Tudo pode ser classificado do ponto de vista de uma prática discursiva, inclusive condutas, posições políticas e mesmo o amor. Que seja. Nada impede, todavia, que tomemos, então, para nós, essa mesma liberdade classificatória e avancemos ficcionalmente até o nível virtual de um último DSM em que o catálogo se capilariza. Este último DSM deveria, portanto, descrever um transtorno que acomete, preferencialmente, gestores obcecados com a rentabilidade dos planos de saúde, frequentemente vinculados a laboratórios farmacêuticos, assim como docentes universitários financiados por laboratórios, até pouco tempo restritos às universidades norte-americanas, porém com tendência a se propagarem para outros territórios. Chamemo-la de “transtorno de compulsão classificatória avaliativa maniforme” (TCCAM), ou doença de Simão Bacamarte, em homenagem ao alienista descrito por Machado de Assis, no final do século 19, que em nosso tempo se manifesta como uma necessidade incontrolável de classificar e avaliar todo comportamento observável, assim como preencher compulsivamente espaços de “sim”, “não” e “mais ou menos” em planilhas de avaliação. Alguns desvios caracteriais evidentes dessa síndrome incluem: a incapacidade sistemática de questionar a sua própria função e a necessidade obsessiva de eliminar todo e qualquer sofrimento subjetivo. Observa-se ainda, como sinal patognomônico desse quadro, uma importante alteração do juízo de realidade, manifesta no sentimento delirante de estar no direito de classificar e avaliar os demais sem permitir que seja avaliado ou classificado o próprio exercício de avaliação. A classe dos classificadores, assim constituída, não tolera que ela própria seja classificada. Em seu delírio, os pacientes acometidos pela TCCAM, ou pela doença de Bacamarte, chegam a se arrogar o direito de definir o que é científico ou não, sem, contudo, expor critérios que possam definir a cientificidade de sua prática classificatório-avaliativa.

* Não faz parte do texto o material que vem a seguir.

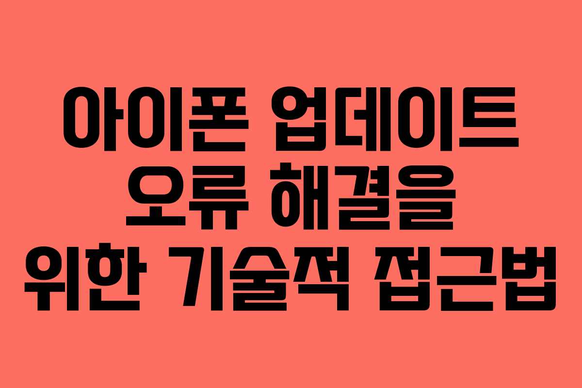 아이폰 사용자라면 업데이트 과정에서 오류를 겪는 일이 종종 있습니다. 저 역시 과거에 아이폰 13을 업데이트하려다가 오류 메시지를 보며 당황했던 기억이 있습니다. 이 글에서는 아이폰 업데이트 오류를 해결하기 위한 다양한 기술적 접근법을 소개하고자 합니다. 실질적인 해결책을 제공하여 여러분의 문제 해결에 도움이 되기를 바랍니다.

Essa última versão paródica do DSM tem o interesse de nos apresentar, em seu limite, o caráter autofágico de uma prática desenfreada de avaliação classificatória. É bem verdade que, até o atual momento, os classificadores do DSM não fazem parte do conjunto dos objetos classificados, tal como os catálogos do paradoxo de Russell, que não contêm a si mesmo. Mas quando criamos, com a Casa Verde virtual do DSM-11, a classe dos classificadores compulsivos que não classificam a eles próprios, o paradoxo é inevitável: essa classe contém ou não contém os classificadores? Ela os contém porque não os contém, não os contém porque os contém e daí por diante… Teríamos, então, chegado a esse feliz momento de ironia suprema, em que o classificador enlouquece e decide, tal como o alienista de Machado de Assis, internar-se e deixar-nos finalmente em paz?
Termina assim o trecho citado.